Further, the amount ratio of the n-octylamine to the compound II in the step 2 is 1: 1.0-1.5, and the optimal dosage is 1: 1.1.
further, the nucleophile n-octylamine used in step 2 is dissolved in toluene solvent, n-octylamine (g): toluene (ml) at a solid to liquid ratio of 1: 8-12. The optimal solid-liquid ratio is 1: 10.
furthermore, the toluene solution of n-octylamine in the step 2 needs to be slowly dropped at a rate of 1-3 drops per second.
Further, the reaction of the step 2 is carried out by tracking a reaction end point by using a thin layer chromatography, a developing agent system comprising toluene and methanol is adopted, the volume ratio of the toluene to the methanol is 6-4:1, and the reaction end point is obtained when the compound II is completely consumed.
Further, the obtained filter cake of the step 2 is washed by toluene and distilled water in sequence.
Further, the compound III is a white solid.
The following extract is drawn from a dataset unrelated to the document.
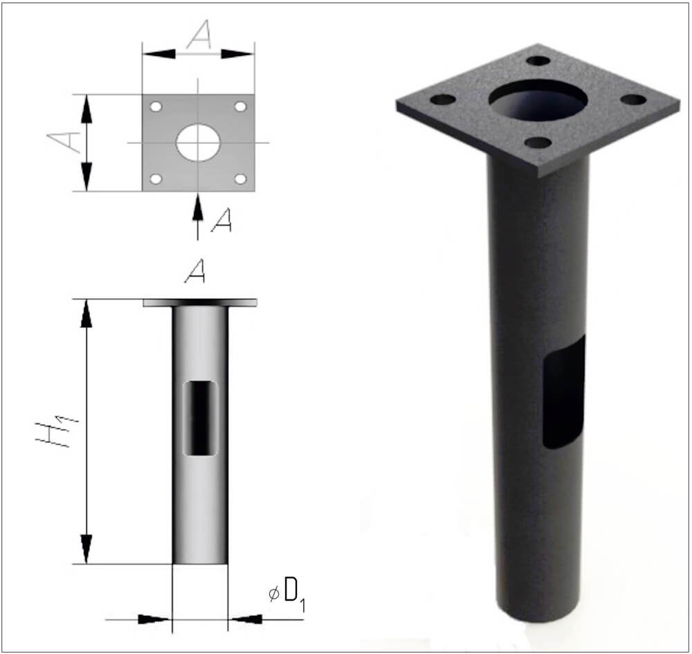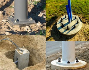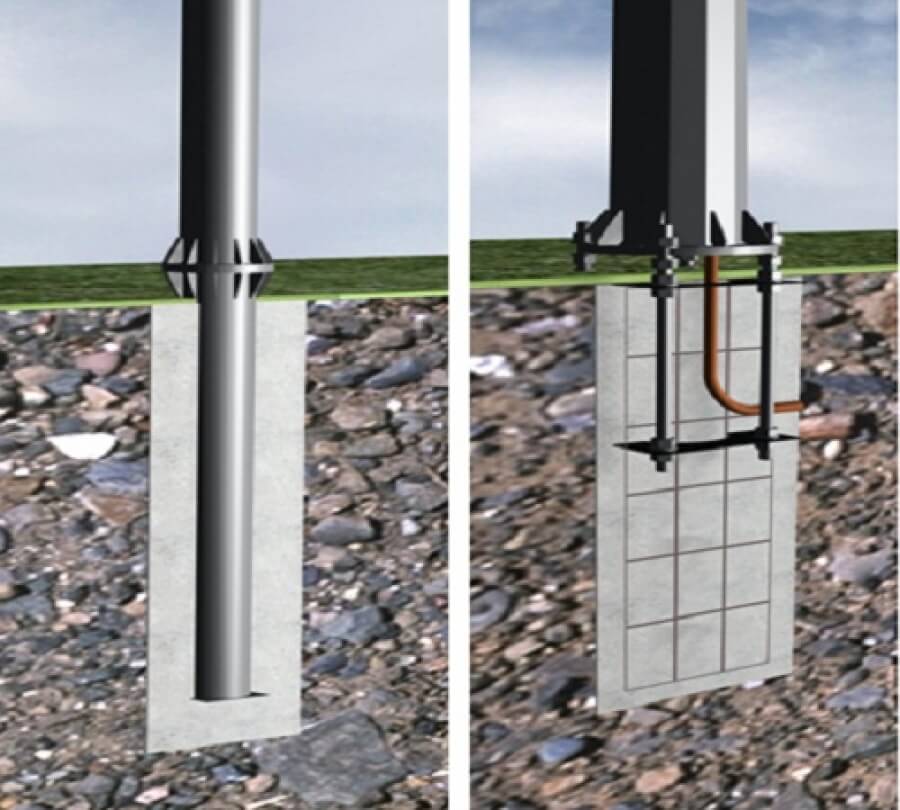 Железобетонное основание должно быть выполнено на закладном элементе, бетонируемом в землю. Параметры выбираемой ЖБ конструкции зависят от выбранного грунта. Опора соединяется с закладной частью при помощи фланца или шпилек.Установка опор выполняется при помощи:

Further, the specific content of the reaction in the step 3 is as follows:
adding 0.10mol of the intermediate compound III into a three-necked bottle filled with 60mL of N, N-dimethyl-1, 3-propane diamine by 3 times, heating to 40-50 ℃, reacting and keeping for 1-1.5 h. Monitoring the reaction end point by thin-layer chromatography, and finishing the reaction when the compound III is completely reacted; dissolving the mixture after the reaction in 60mL of toluene, transferring the mixture into a separating funnel, and extracting the mixture for 3 times by using distilled water with the same volume until the toluene layer is neutral; the toluene layer was dried, and the toluene solvent was removed to obtain the objective compound I.
Further, in the step 3, the N, N-dimethyl-1, 3-propane diamine is used as a raw material and a solvent, and the reaction end point is that the intermediate compound III is completely reacted.
Further, the solid-to-liquid ratio of the compound III to the N, N-dimethyl-1, 3-propane diamine is 1: 1-1.5 (g/ml); preferably 1: 1.2.
Further, the compound I is a colorless oil.
The invention also aims to provide an application of the melamine derivative corrosion inhibitor in carbon steel corrosion inhibition in an acidic environment.
Further, the acidic environment is: carbon steel in 1M HCl solution.
Furthermore, the corrosion inhibitor is used at the temperature of between 25 and 50 ℃ and the use concentration of between 0.05 and 0.25 mmol.L-1(concentration of corrosion inhibitor directly dissolved in HCl solution, the same applies below), 1 mol. L-1The corrosion inhibition efficiency of HCl acid medium to carbon steel reaches more than 90%, and the performance is excellent.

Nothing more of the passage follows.